An error from erroneous assumptions in the learning algorithm. High bias can cause an algorithm to miss the relevant relations between features and target outputs (underfitting).


The effect on the model because the sample systematically misrepresents the 'real' data. Most datasets are a convenience sample - the data easiest to collect

What is variance?
An error from sensitivity to small fluctuations in the training set. High variance can cause an algorithm to model the random noise in the training data, rather than the intended outputs (overfitting).

The effect on the model because it was built from this sample rather than that sample

variance measures how inconsistent are the predictions from one another

What is skewness?
Asymmetry in a statistical distribution, in which the curve appears distorted or skewed either to the left or to the right. Skewness can be quantified to define the extent to which a distribution differs from a normal distribution.

This is called negative skewness (tail goes towards negative

What is kurtosis?
The sharpness of the peak of a frequency-distribution curve.

What are the different ways to handle missing values?

1. Delete the entire row/column

2. Replace by a fixed value (i.e. "unknown")

3. General statistic replacement (replace values by a statistic associated with a particular column like mean or median)

4. Grouped statistic replacement (replace values by a statistic associated with a particular group)

5. Imputation - predict values based on nearest neighbours or likelihood

What kind of feature transformation can you perform on numeric?

1. Round numeric to the nearest decimal or you can turn it into discrete for turning it into a categorical later

2. Discretization: binning of a variable to become categorical for better value management

3. Scaling (change the sale of the variable for better understanding), i..e min-max, z-score, etc.

What are some types of discretization methods?

1. Equal-width binning (bins have equal ranges, roughly same distribution as original variable

2. equal-density (frequency) binning - bins have equal number of examples/records/rows with a uniform distribution

What are the 5 categories of feature generation?

1. Indicator features (Attributes that isolate key information)

2. Aggregation features (Attributes to hold values aggregated across multiple rows)

3. Interaction features (attributes that highlight interactions between two or more features)

4. Expanding features (attributes that split old features)

5. External data (an underused type but can lead to some o the biggest breakthroughs in performance)

What is an example of using indicator features?

1. Threshold flags (Create yes/no features to replace numeric/categorical)

2. Special events flag (create yes/no feature to indicate special event)

3. Multi-feature flag (create yes/no feature off two or more features)

4. Multi-category flag (Create a yes/no feature for two or more categorical vaues of a categorical attribute)

What is principal component analysis?
Maps the present high dimension feature space to another low-dimension feature space where features become more manageable

> Convert a set of values of possibly correlated features into a set of linearly uncorrelated features called principal components
> Number of principal components is less than or equal to the number of original features
> First principal component has largest possible variance (i.e. accounts for as much of the variability as possible)

trying to maximize variance

What is out of bag testing/bootstrapping?
Select the training set from the dataset with replacement. Suppose there are n objects in the dataset, select an object repeatedly and put it into the training set but allow it to remain in the dataset. Stop when n objects have been selected.

There'll be repeated instances in the training set, so the ones that aren't repeated go into the test which will have about 1/3rd

What is Baye's rule?
A probability of event H given evidence E, describes the probability of an event, based on prior knowledge of conditions that might be related to the event.

Pr[H | E] = (Pr[E | H] * Pr[H])/(Pr[E])

Pr[H] = Prior probability of H, before evidence is seen

Pr[H | E] - probability of event after evidence is seen

Pr(E) - probability of evidence

What is cross validation?
Divide dataset into training and test sets in multiple different ways.

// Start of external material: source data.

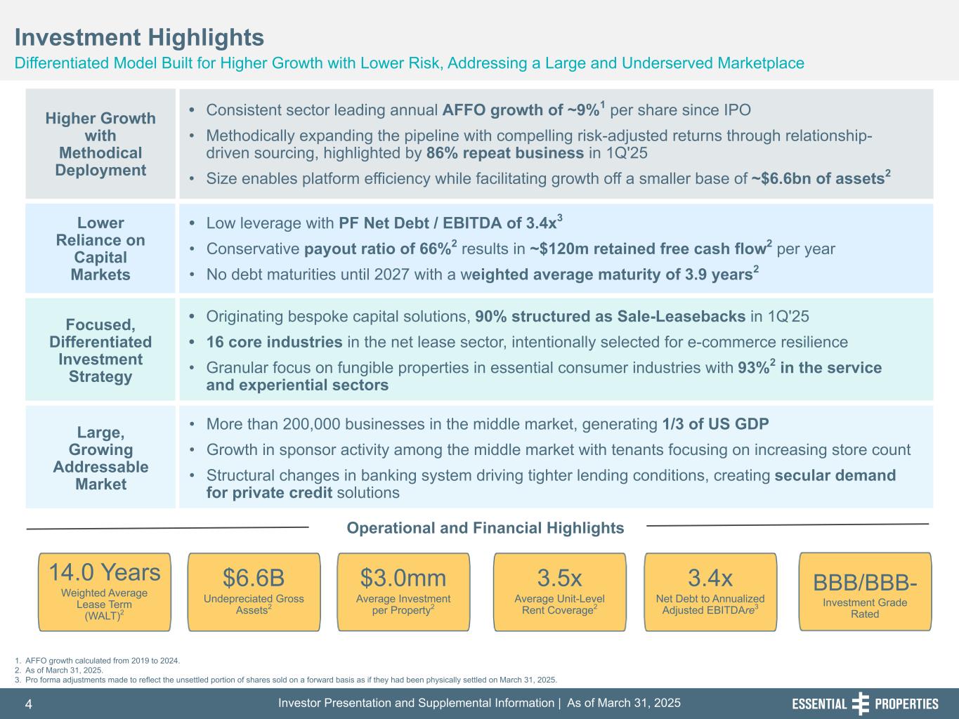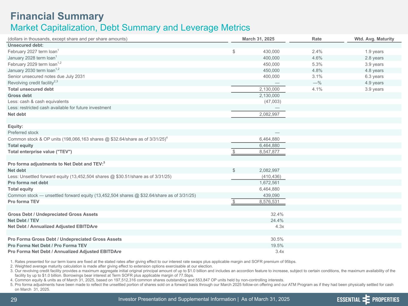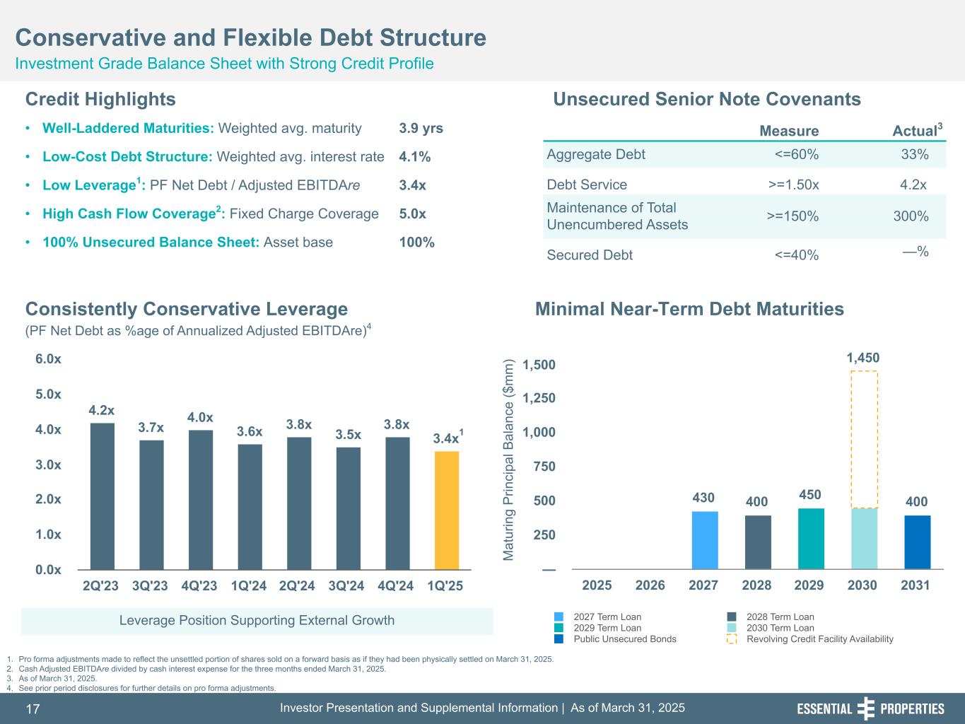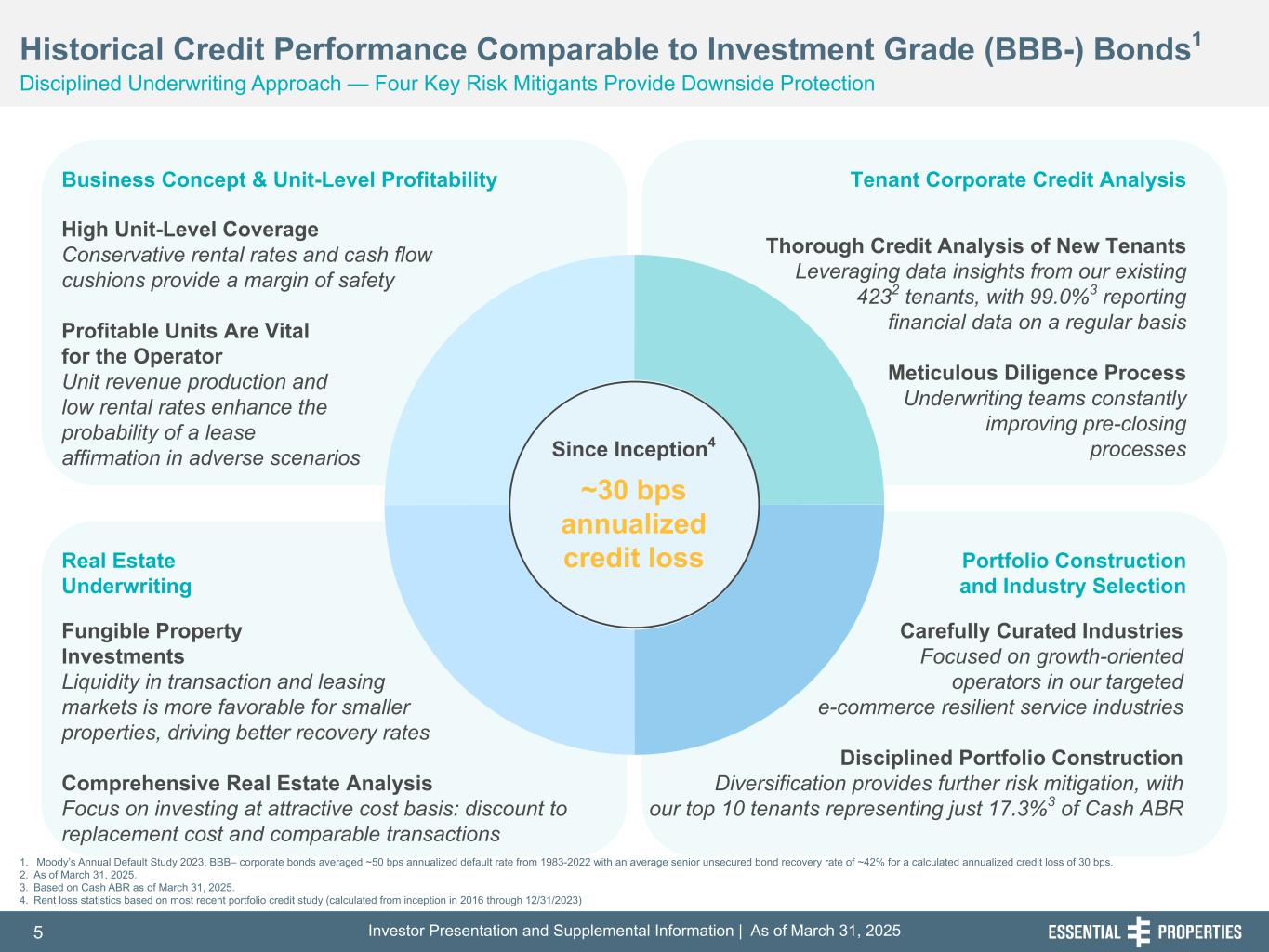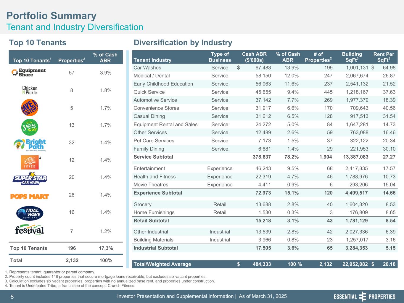 ニュージャージー州プリンストン--(BUSINESS WIRE)--(ビジネスワイヤ) -- エッセンシャル・プロパティーズ・リアルティ・トラスト(NYSE: EPRT、以下「エッセンシャル・プロパティーズ」または「当社」)は本日、2025年3月31日までの3カ月間の営業成績を発表しました。
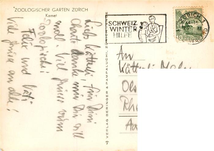 74036783 alte Postkarte Zoo Gardin Zoologique– Zuerich Kamel postalisch gelaufen Erhaltung siehe scans [IrynaD87] KatCode: 22540000004400
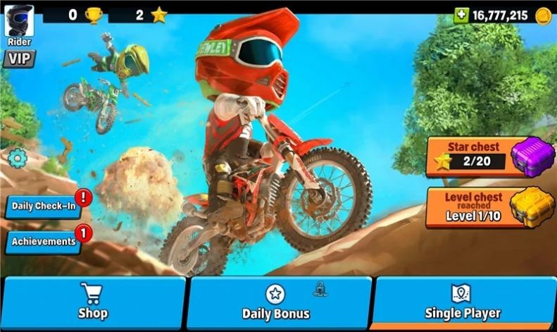 极限摩托车狂热是一款经典的摩托车竞速游戏,玩家需要骑行摩托车在各种复杂的赛道上进行竞争。游戏的高度可玩性和刺激感吸引了众多玩家的喜爱。总而言之,并能在比赛中与对手进行竞技,而随着赛事的增多,可以逐步提升赛车级别,开启更多赛道、进行更大程度的挑战,同时还有世界排行榜,能让你查看世界顶尖选手的战绩,提升自己的竞技水平。
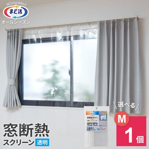 窓 遮熱 まど活 窓断熱スクリーン 採光透明タイプ M(幅100×長さ145cm) 2枚組 HN-501 | 断熱 カーテン 暑さ 寒さ 対策 省エネ 節電 エコ 冷暖房 効率UP カーテンレール オールシーズン 腰高窓

Build a model from each of the training sets and rate it using each of the test sets. use the average performance over the partitions to judge how we're doing

Models that exhibit small variance and high bias ____ the truth target.
underfit

Models that exhibit high variance and low bias _____ the truth target
overfit

What is bagging?
used to reduce variance which helps avoid overfitting. The idea is that once you have your sample from bootstrapping, you can then build a series of models. This ensemble of models, will carry votes with equal weight and you're able to use that average.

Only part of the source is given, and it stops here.